W 2021 roku, w raporcie z rynku amerykańskiego, dotyczącego badań reputacji wszystkich firm działających na tamtejszym obszarze, ranking wygrała Patagonia. Zaledwie rok wcześniej plasowała się zaledwie w czwartej dziesiątce. Co stoi za tym spektakularnym sukcesem? Patagonia słynie z tego, że od wielu lat kładzie ogromny nacisk na staranne dobieranie surowców, aby jak najmniej szkodziły one środowisku. Do produkcji odzieży używa bawełny organicznej, a wełnę merynosów pozyskuje od dostawców przestrzegających zasad humanitarnego jej pozyskiwania. Wiele produktów jest też wytwarzanych z surowców pochodzących z odzysku – obecnie jest to ponad 70% asortymentu.
O ile dbanie o ekologię dziś już nikogo nie dziwi, to głoszenie hasła “Nie kupuj naszych produktów, jeśli nie musisz” nie jest już typowym działaniem marketingowym. Patagonia zachęca swoich klientów do tego, by najpierw korzystali z produktów, które już posiadają w swojej szafie.
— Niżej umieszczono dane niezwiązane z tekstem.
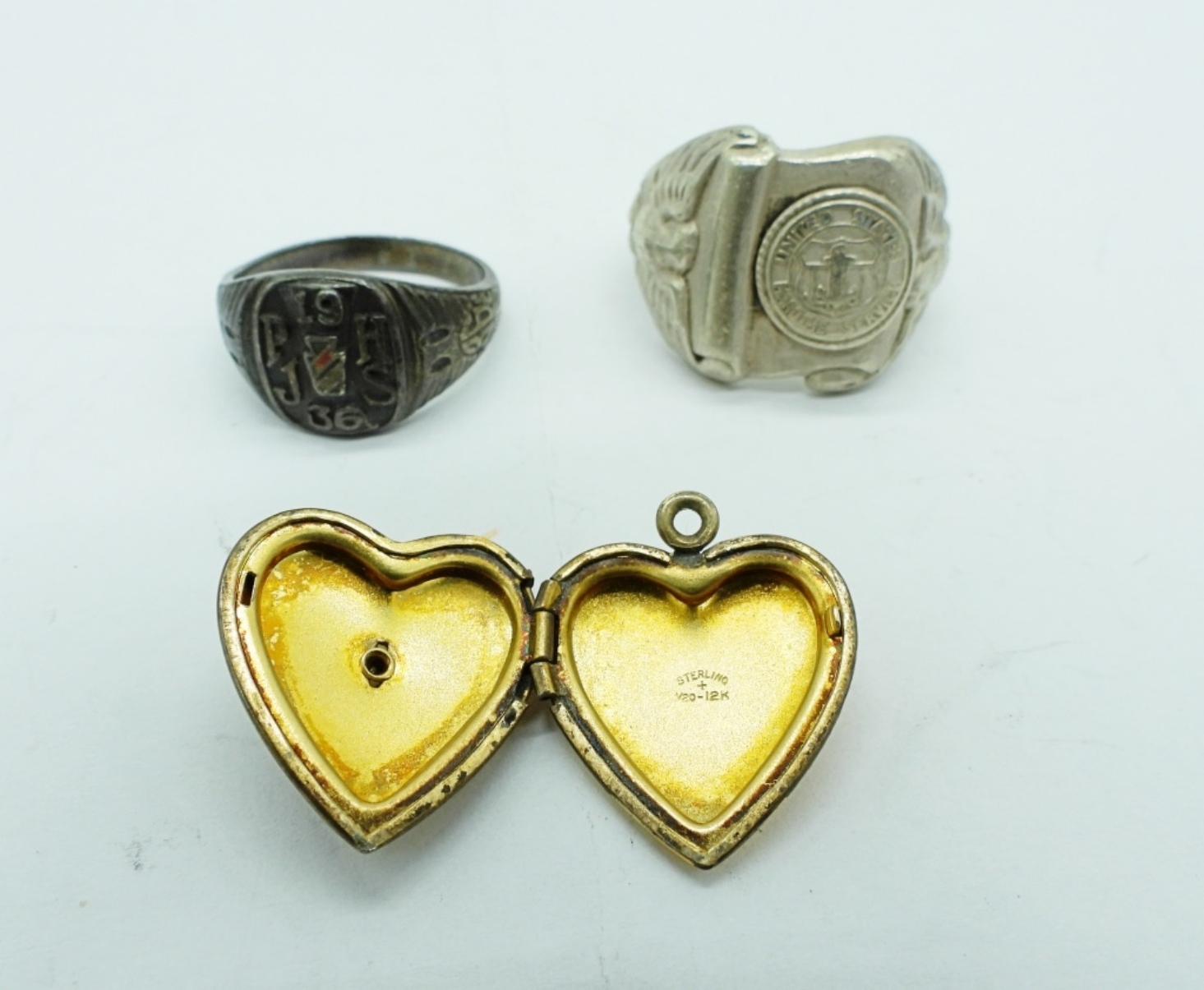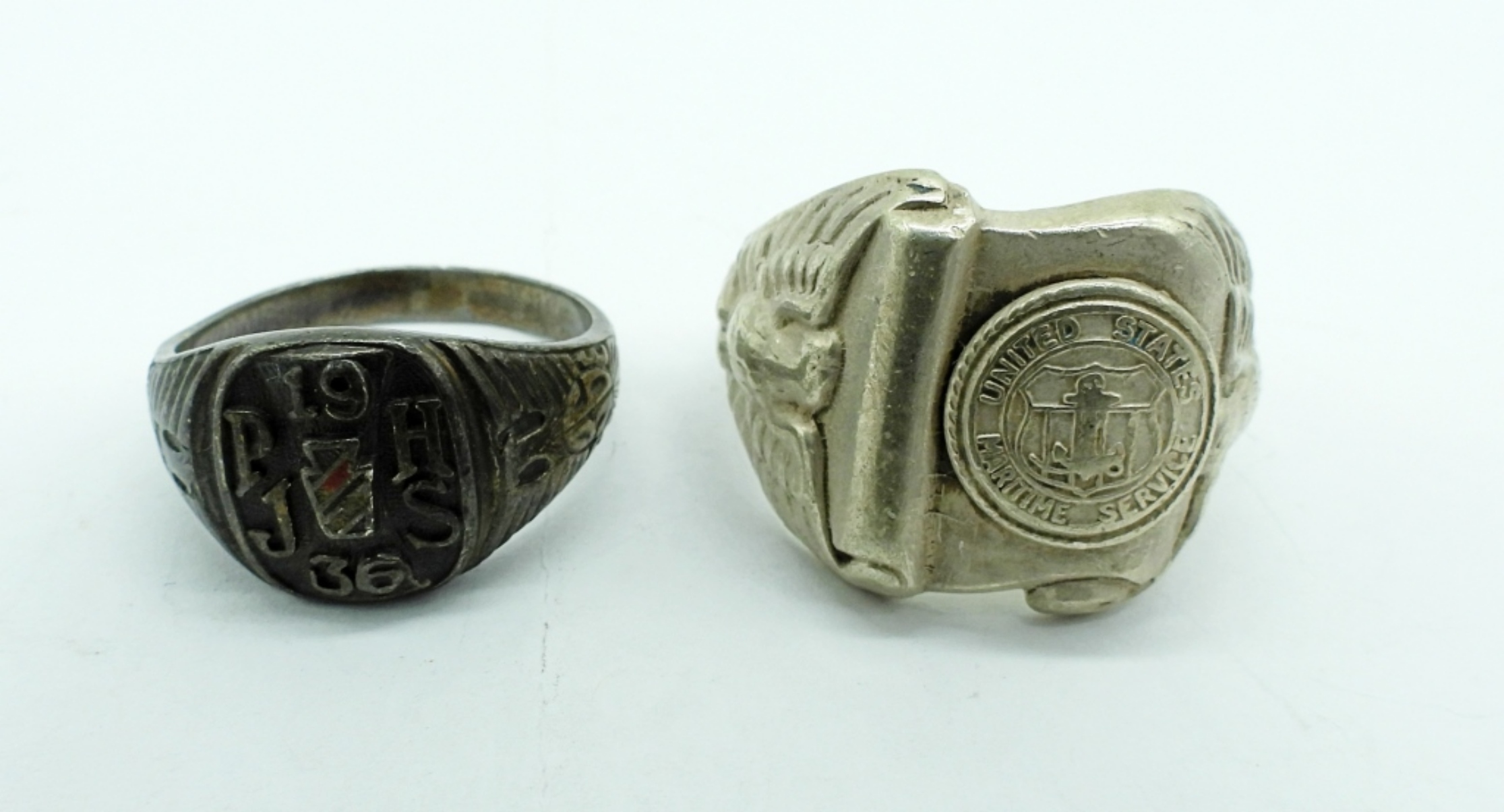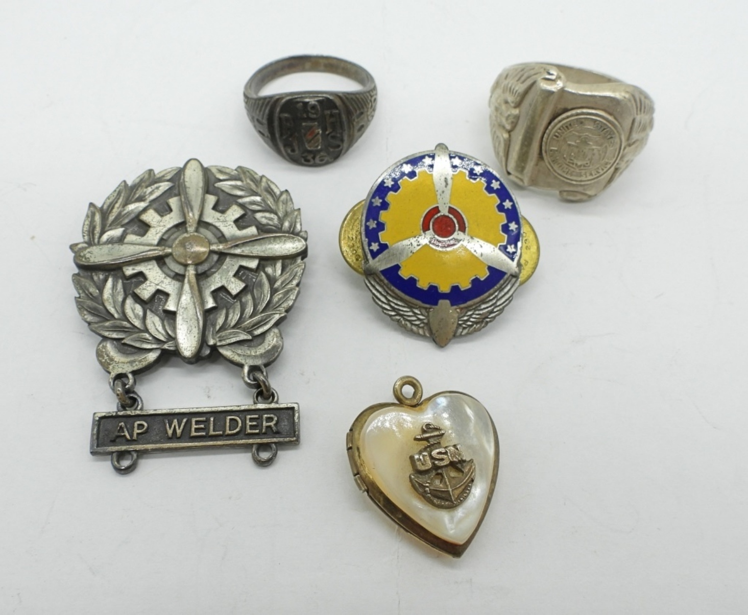 STERLING. TWO PINS. ONE MOTHER OF PEARL USN LOCKET. RING “UNITED STATES MARITIME SERVICE” RING SIZE 10.5. ANTIQUE CLASS RING 1936. 37 DWT

Do ich naprawiania, kupowania z drugiej ręki, a dopiero na końcu do kupowania nowych rzeczy.
W 1985 roku właściciel i założyciel marki, Yvon Chouinard, zdecydował, że firma będzie oddawać 1% swoich zysków na rzecz organizacji proekologicznych. Natomiast w 2022 roku przekazał 98% udziałów, do tej pory należących wyłącznie do niego i jego rodziny, pozarządowej organizacji Holdfat Collective, która działa na rzecz walki ze zmianami klimatycznymi.
Patagonia angażuje się w wiele akcji. Daje pracę lokalnym rzemieślnikom, walczy z wycinką lasów, zajmuje się farmami eko. Ponadto firma dba o całkowitą transparentność, publicznie ujawniając dane swoich fabryk.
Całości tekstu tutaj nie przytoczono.